Python’s functools module has a decorator that does just that! It will automatically remember what the function returned if it has seen that input combination before. We can memoize our entire function with one line of python…

from functools import lru_cache

@lru_cache(None)
def subset_sum(ls: Tuple[int], total: int, total_sum: int) -> bool:
   # All the previous code.

That’s it. We’re done. We memoized it and have a fully dynamic solution. Now, this is probably not what the interviewer wants. They’re not interested in solutions to these problems they’re interested in watching you code for some reason 🤷‍♀. So our hypothetical interviewer retorts, “Very funny but let’s actually memoize this solution. Assume you don’t have the lru_cache function.”

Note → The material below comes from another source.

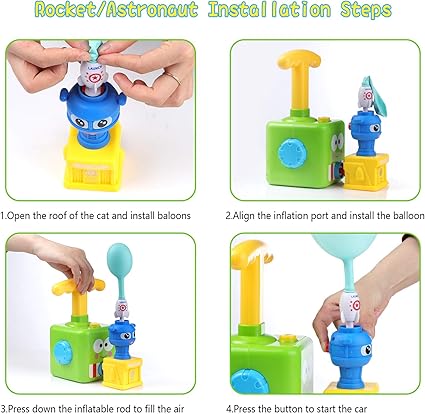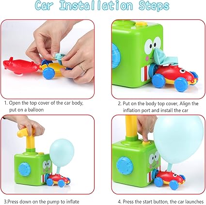 Sadece üç adım alır! Balonu arabaya koyun ve takın, olabildiğince çok balon pompalayın, pompadaki serbest bırakma düğmesine basın ve araç ilerleyebilir.
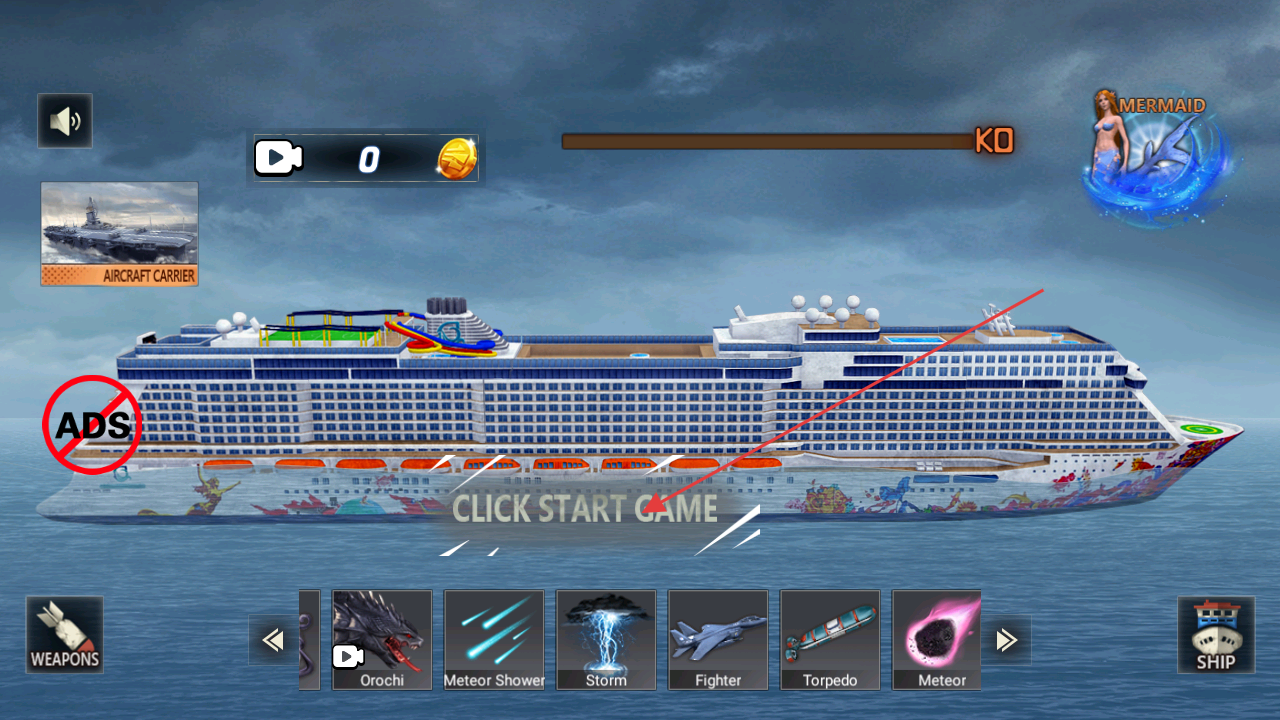 1、点击“CLICKSTARTGAME”按钮,开启游轮对战,选择武器(如MeteorShower)准备攻击。

To which you reply, “Okay good Madam/Sir I’m happy to oblige. How about we just implement lru_cache then? That way our memoization can be applied to any problem anyone at your organization might face. The solution will be superior to just memoizing this problem because it works in general.”

The interviewer gives a chuckle and agrees to your proposal taking you for a fool thinking there is no way you’ll be able to implement such a fancy pants function in the time remaining. But you’re not playing, you’re a badass. 💪

Let’s start simple. We need some way of knowing which function we are memoizing and we’ll also need some way of storing the previous function runs we’ve seen. We start by making a class with two initialized variables:

class Memoize:

    def __init__(self, f):
        self.f = f
        self.memoized = {}

f stores the function we’re going to execute in our case subset_sum, memoized is a dictionary where the key will be the arguments to our function and the value will be the returned value of the function given those arguments. Now you see why the inputs to the function need to be immutable because we are hashing them in a dictionary.

We’re halfway there… Now we want this to operate like a decorator and wrap any function so we’ll add a __call__ method. This method should take an arbitrary set of arguments so it’ll need to take *args as its input. Then the logic falls right out if we’ve never seen that set of args in our memorized dictionary execute the function with those arguments. Otherwise, we just return the cached value stored in our dictionary.

class Memoize:

    def __init__(self, f):
        self.f = f
        self.memoized = {}

    def __call__(self, *args):
        if args not in self.memoized:
            self.memoized[args] = self.f(*args)
        return self.memoized[args]

That’s it…. We can now memoize our original function as:

@Memoize
def subset_sum(ls: Tuple[int], total: int, total_sum: int) -> bool:
    # All the previous code.

The interviewer is stunned because they’ve never thought to solve memoization in general just in each specific case. You get the job and 10 minutes of your life back. It’s a win-win for everybody.

Final Thoughts

One thing to keep in mind is this relies on the fact that you can create a hash of the inputs to your function. That’s why I’m using a Tuple instead of a List. If the object can’t be hashed it can’t be cached, at least in this case.